Oleh Imron Rosyadi
SALAH satu konsekuensi dari pemberlakuan UU Nomor 6/2014
tentang Desa adalah kebijakaan transfer/alokasi dana desa dari pemerintah pusat
ke pemerintah kabupaten/kota, sebagaimana diatur dalam Pasal 72 UU tersebut.
Yang dimaksud dana desa adalah dana yang bersumber dari APBN bagi desa yang
ditransfer melalui APBD kabupaten/kota dan digunakan untuk mendanai
penyelenggaraan pemerintahan, pembangunan, pembinaan kemasyarakatan, dan
pemberdayaan masyarakat desa (Pasal 1 Permendes PDTT Nomor 5/2015).
Tahun 2015, pemerintah mematok pagu anggaran dana desa
sebesar Rp 20,66 triliun (SM, 23/10), yang akan disalurkan kepada 74.093 desa
di seluruh Indonesia. Dari total anggaran tersebut, telah ditransfer dana desa
dari rekening kas umum negara (RKUM) ke rekening kas umum daerah (RKUD) sebesar
Rp 16,02 triliun atau sekitar 77,1 persen.

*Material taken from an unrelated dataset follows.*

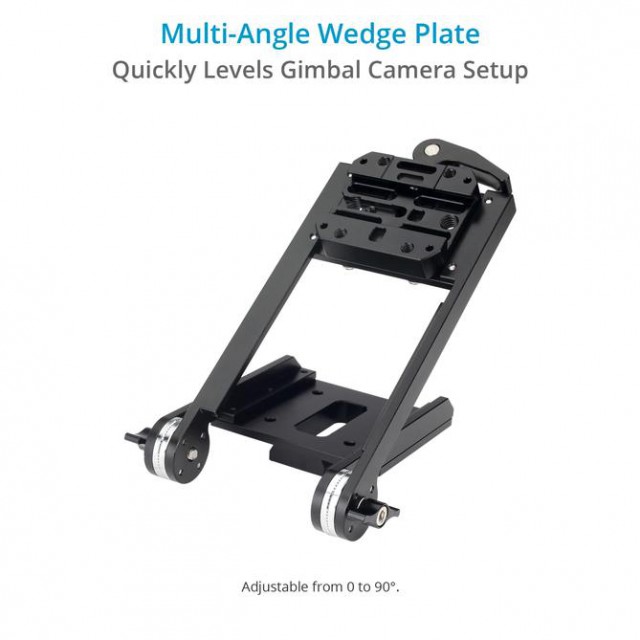 El Grip Master está equipado con una placa de cuña multiangular para el rápido nivelado del gimbal y el ajuste de la cámara. El paquete incluye una placa de fijación rápida Ronin M/Mx para que puedas fijar fácilmente el Ronin M/MX al Grip Master. Para todos los demás sistemas de cardán, disponemos de placas de fijación rápida que se pueden montar fácilmente en la empuñadura.

Realisasi anggaran tersebut diharapkan efektif dan efisien,
untuk mencapai tujuan pembangunan desa, yaitu meningkatkan kesejahteraan
masyarakat desa dan kualitas hidup manusia serta penanggulangan kemiskinan,
melalui: (i) pemenuhan kebutuhan dasar; (ii) pembangunan sarana dan prasarana
desa; (iii) pengembangan potensi ekonomi lokal, dan (iv) pemanfaatan sumber
daya alam dan lingkungan secara berkelanjutan.
Masalah Krusial
Aktivitas ekonomi utama masyarakat perdesaan adalah
pertanian, peternakan, dan perikanan yang menghasilkan berbagai jenis produk
pangan. Tidak bisa dimungkiri bahwa hingga saat ini yang menjadi sentra
produksi pangan di Indonesia adalah perdesaan, dengan produsen utama petani
kecil di seluruh pelosok Tanah Air.
Karena itu, berbicara mengenai pembangunan perdesaaan, tidak
bisa mengabaikan sektor pertanian sebagai penggerak roda perekonomian di perdesaan.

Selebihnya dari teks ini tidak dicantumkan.